• _Entries provided_:
***

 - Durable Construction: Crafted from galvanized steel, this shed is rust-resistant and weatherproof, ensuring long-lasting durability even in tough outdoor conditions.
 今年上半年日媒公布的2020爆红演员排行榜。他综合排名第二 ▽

***

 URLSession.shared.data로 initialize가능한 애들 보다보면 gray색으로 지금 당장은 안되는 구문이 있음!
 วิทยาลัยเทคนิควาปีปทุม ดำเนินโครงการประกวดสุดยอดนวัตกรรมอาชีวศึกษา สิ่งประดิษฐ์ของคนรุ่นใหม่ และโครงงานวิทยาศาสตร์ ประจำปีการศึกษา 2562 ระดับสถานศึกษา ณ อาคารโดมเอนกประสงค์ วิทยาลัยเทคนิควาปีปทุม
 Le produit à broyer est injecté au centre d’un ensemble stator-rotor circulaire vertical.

***

• _To do_: Could you repeat exactly the lines in the listing above from the one with "ณ อาคารโดมเอนกประสงค์ วิทยาลัยเทคนิควาปีปทุม" down to the one with "Le produit à"? Include both of those lines.

• _Result of this task_:
 วิทยาลัยเทคนิควาปีปทุม ดำเนินโครงการประกวดสุดยอดนวัตกรรมอาชีวศึกษา สิ่งประดิษฐ์ของคนรุ่นใหม่ และโครงงานวิทยาศาสตร์ ประจำปีการศึกษา 2562 ระดับสถานศึกษา ณ อาคารโดมเอนกประสงค์ วิทยาลัยเทคนิควาปีปทุม
 Le produit à broyer est injecté au centre d’un ensemble stator-rotor circulaire vertical.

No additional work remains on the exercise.